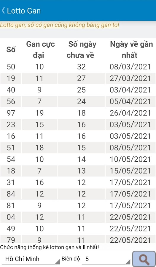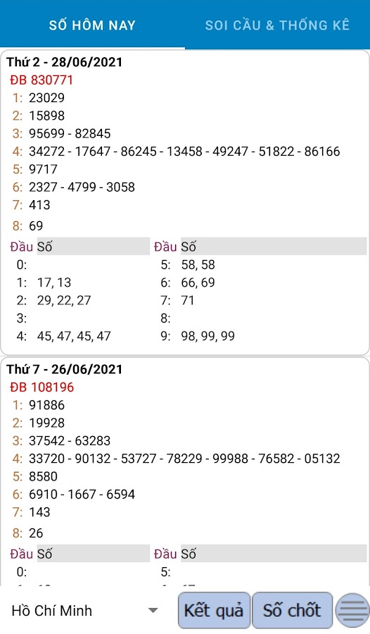 Приложение XSMN предоставляет информацию о результатах лотереи на юге провинций, в том числе: TP. Хошимин, Донг Тап, Камау, Бен Тре, Вунг Тау, Бак Лиу, Донг Най, Кан Тхо, Сок Транг, Тай Нинь, Ан Джианг, Бинь Туан, Винь Лонг, Бинь Зыонг, Тра Винь, Лонг Ан, Бинь Фуок, Хау Занг, Тьен Джианг, Кьен Жанг, Далат. Приложение XSMN предоставляет множество полезных функций, которые нельзя игнорировать:
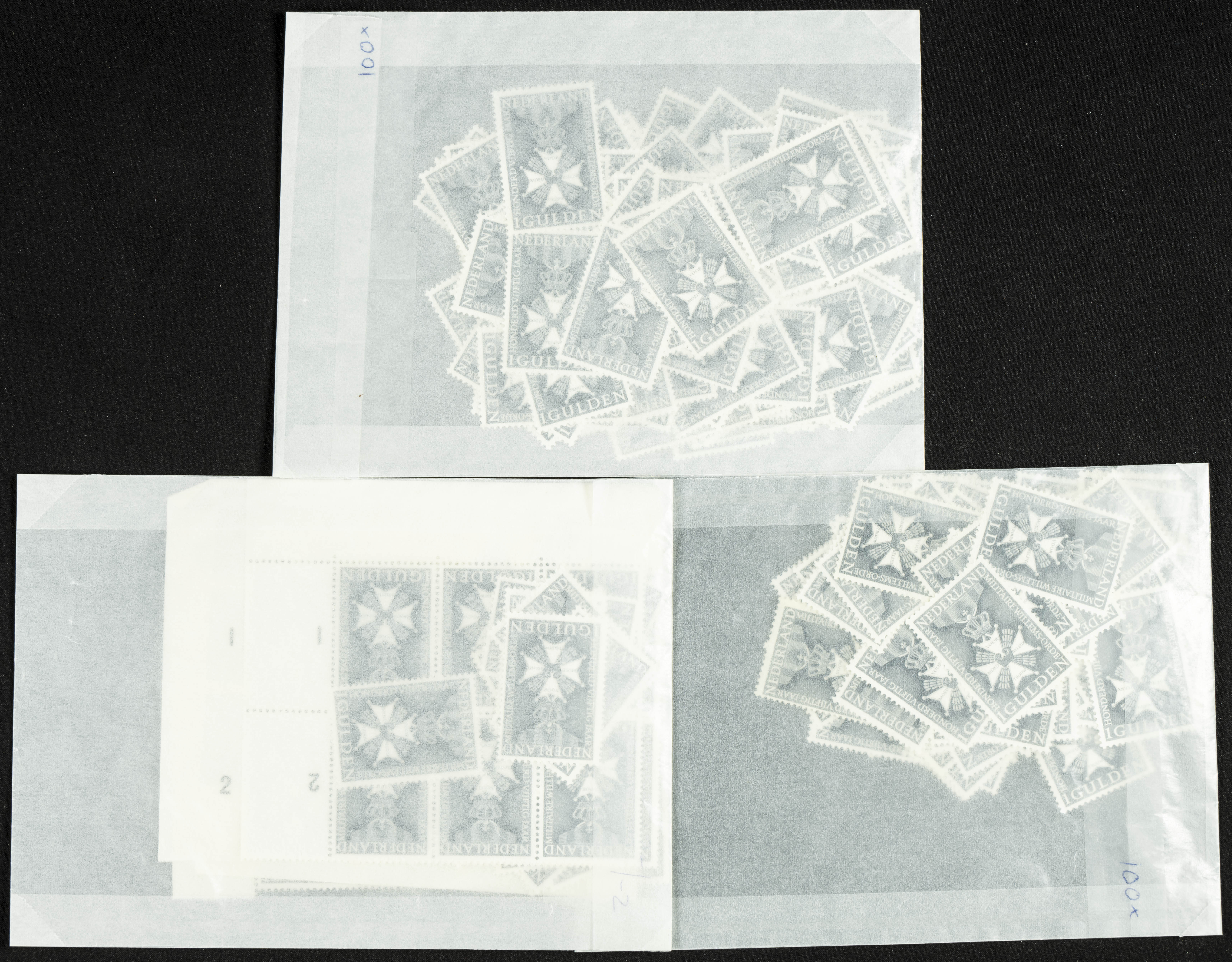 English Yvert 813(300). 1965. Set of three hundred stamps of the MILITARY ORDER OF WILLIAM, mint condition, Netherlands, 1965. TO BE EXAMINED. Yvert 2024: 600 Euros
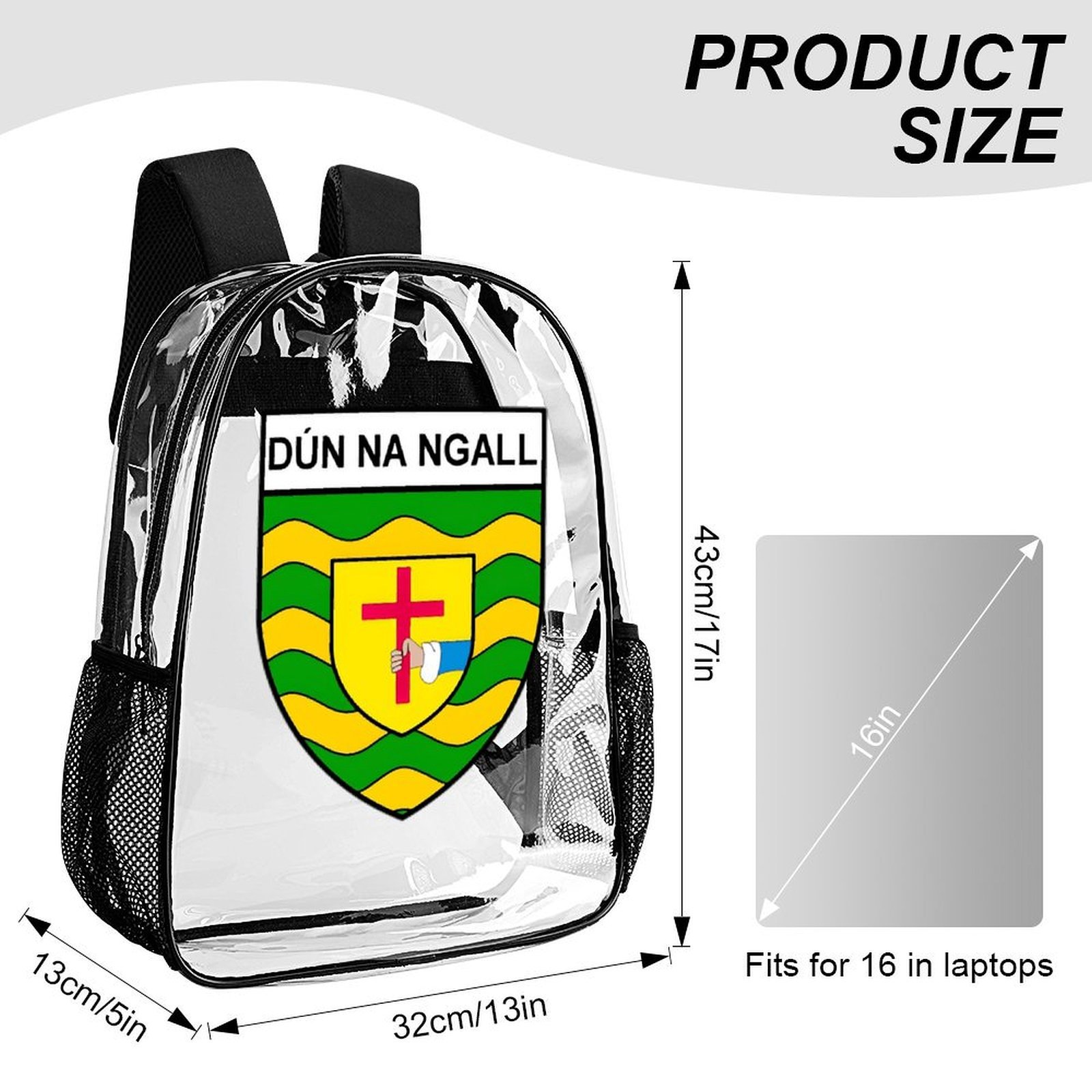 Show your pride for Donegal GAA with this stylish and durable clear backpack, perfect for both casual wear and supporting your county team. Made from high-quality, water-resistant PVC material, this clear backpack features the iconic Donegal crest, adorned with the county’s distinctive symbols—representing the proud history and heritage of Donegal. With its spacious interior that fits laptops up to 16 inches and practical side pockets, this backpack is both functional and fashionable.

* **EXERCISE**
Copy out the data exactly and keep the pictures out.

* **SOLUTION TO THIS PROBLEM**
 Приложение XSMN предоставляет информацию о результатах лотереи на юге провинций, в том числе: TP. Хошимин, Донг Тап, Камау, Бен Тре, Вунг Тау, Бак Лиу, Донг Най, Кан Тхо, Сок Транг, Тай Нинь, Ан Джианг, Бинь Туан, Винь Лонг, Бинь Зыонг, Тра Винь, Лонг Ан, Бинь Фуок, Хау Занг, Тьен Джианг, Кьен Жанг, Далат. Приложение XSMN предоставляет множество полезных функций, которые нельзя игнорировать:
 English Yvert 813(300). 1965. Set of three hundred stamps of the MILITARY ORDER OF WILLIAM, mint condition, Netherlands, 1965. TO BE EXAMINED. Yvert 2024: 600 Euros
 Show your pride for Donegal GAA with this stylish and durable clear backpack, perfect for both casual wear and supporting your county team. Made from high-quality, water-resistant PVC material, this clear backpack features the iconic Donegal crest, adorned with the county’s distinctive symbols—representing the proud history and heritage of Donegal. With its spacious interior that fits laptops up to 16 inches and practical side pockets, this backpack is both functional and fashionable.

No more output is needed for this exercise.